* WORK TO BE COMPLETED
Consider the material that follows. How many of its lines contain "Theme"? Reply with the number alone.

* EXERCISE DATA
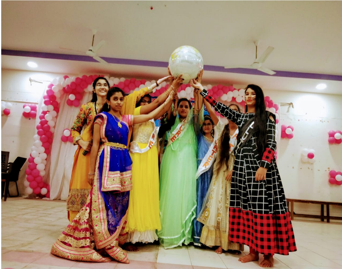
Theme based fashion show

Theme: Nature, the creature. Save it for the Future
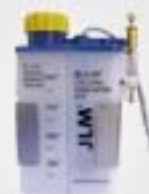
7. Συσκευή λίπανσης (προαιρετικά)
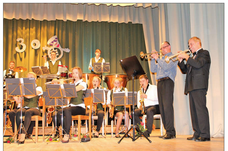
Muzicējot PO „Auce” 30 gadu jubilejas koncertā.
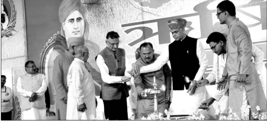
गुजरात के राज्यपाल आचार्य देवव्रत ने ऋषि मेले का शुभारंभ किया।

देवव्रत ने कहा कि लोग देसी गौमाता, प्राकृतिक कृषि और पर्यावरण के संरक्षण का संकल्प लेंगे। महर्षि दयानन्द सरस्वती की 200 वीं जयंती इसी मिशन के साथ मनाई जा रही है। आर्य समाज सदा से ही समाज व देश सेवा में अग्रणी रहा है। महर्षि दयानन्द सरस्वती जो देश के बड़े समाज सुधारक और सांस्कृतिक मूल्यों के संस्थापक, संस्कृति के प्रचारक रहे हैं उनके विचार जनमानस तक पहुंचे इस
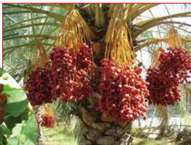
شکل ۵-۱۵- خرمای بلوچستان
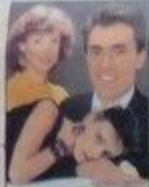
Jeanne Mas, Sabine Azema Gérard Holtz Trois des grands gagnants de l'année 1985.
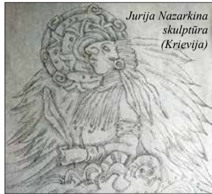
Jurija Nazarkina skulptūra (Krievija)
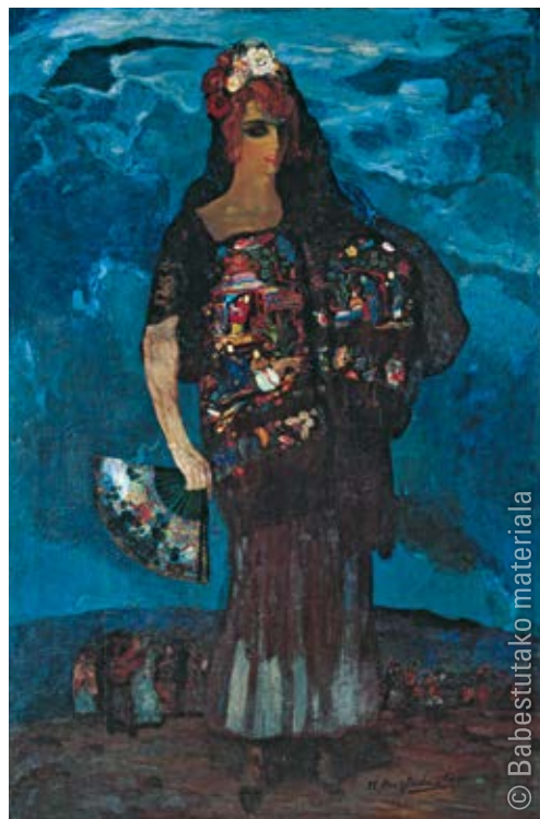
10. Hermen Anglada-Camarasa (1871-1959) Pagodako maja , c. 1913 Olioa mihisean. 205 x 135 cm Col·lecció HAC de la Fundació "la Caixa" Inb. zenb. HACF0798
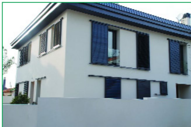
Vivienda en Pozuelo de Alarcón (Madrid) con geotermia

Buen ejemplo de este sistema es la vivienda que Girod Geotermia dispone como casa piloto para el seguimiento de un caso real, situada en Pozuelo de Alarcón, Madrid.
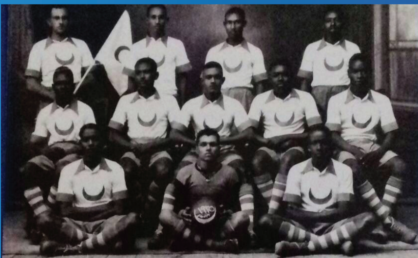
نادي الهلال 1935.
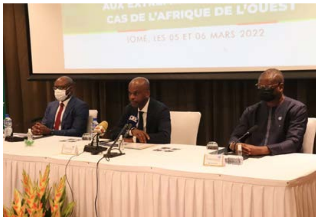
La table d'honneur à l'ouverture du colloque

Les pays qui connaissent des transitions actuellement sont fragiles et leur fragilité peut impacter négativement les autres États de l'Afrique de l'ouest. Comme l'a précisé le ministre des
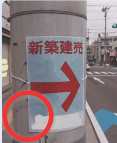
除却可：はり紙 (ラミネート加工) 電柱にひも・テープ等で括りつけ
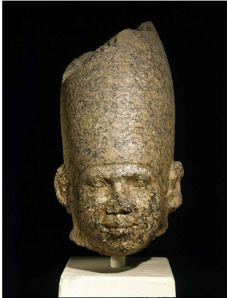
Um busto de um rei do Egito

A África pode ter dado origem aos primeiros seres humanos, e o Egito provavelmente deu origem às primeiras grandes civilizações, que continuam a fascinar as sociedades modernas em todo o mundo quase 5.000 anos depois. Da Biblioteca e Farol de Alexandria à Grande Pirâmide de Gizé, os antigos egípcios produziram várias maravilhas do mundo, revolucionaram a arquitetura e a construção, criaram alguns dos primeiros sistemas de matemática e medicina do mundo e estabeleceram a linguagem e a arte que se espalham pelo mundo. mundo conhecido. Com líderes mundialmente famosos como o rei Tut e Cleópatra, não é de admirar que o mundo de hoje tenha tantos egiptólogos.
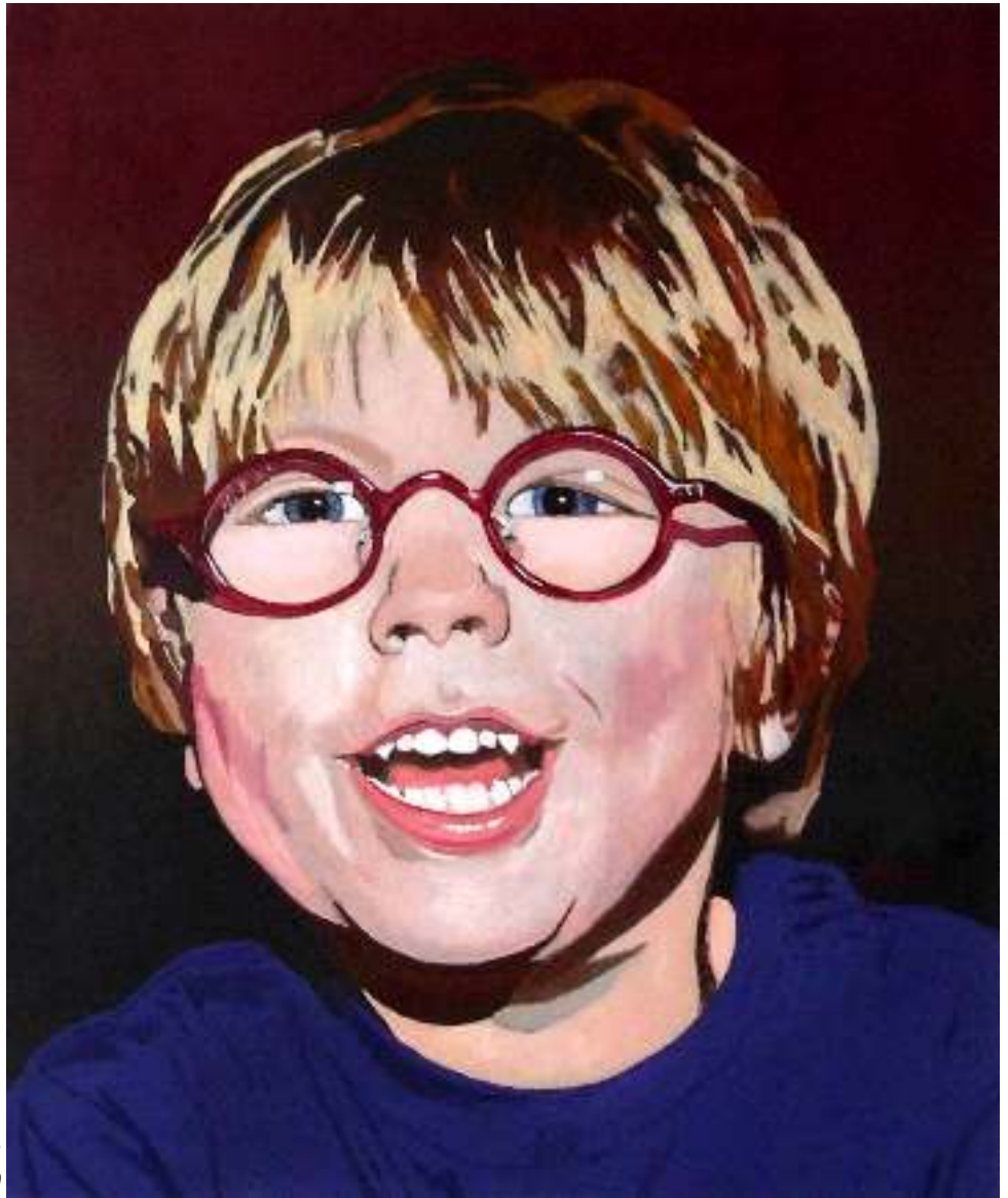
Valentijn, Anton de Joode olieverf op doek, 50x60
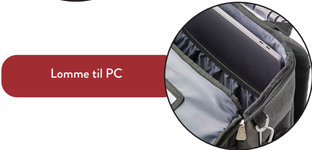
Lomme til PC
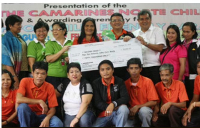
2ND PLACE – Barangay San Antonio, Labo Prizes of P50,000.00 at trophy
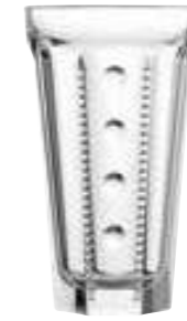
Long drink perles

6391 01 H : 14,5 cm ø : 8,44 cm Cl : 34,8 Oz : 12,28 1 768
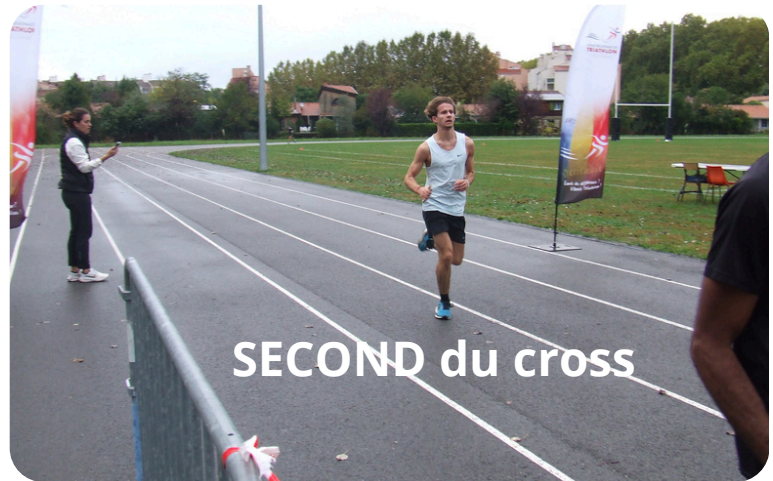
SECOND du cross

* FINAL ANSWER
2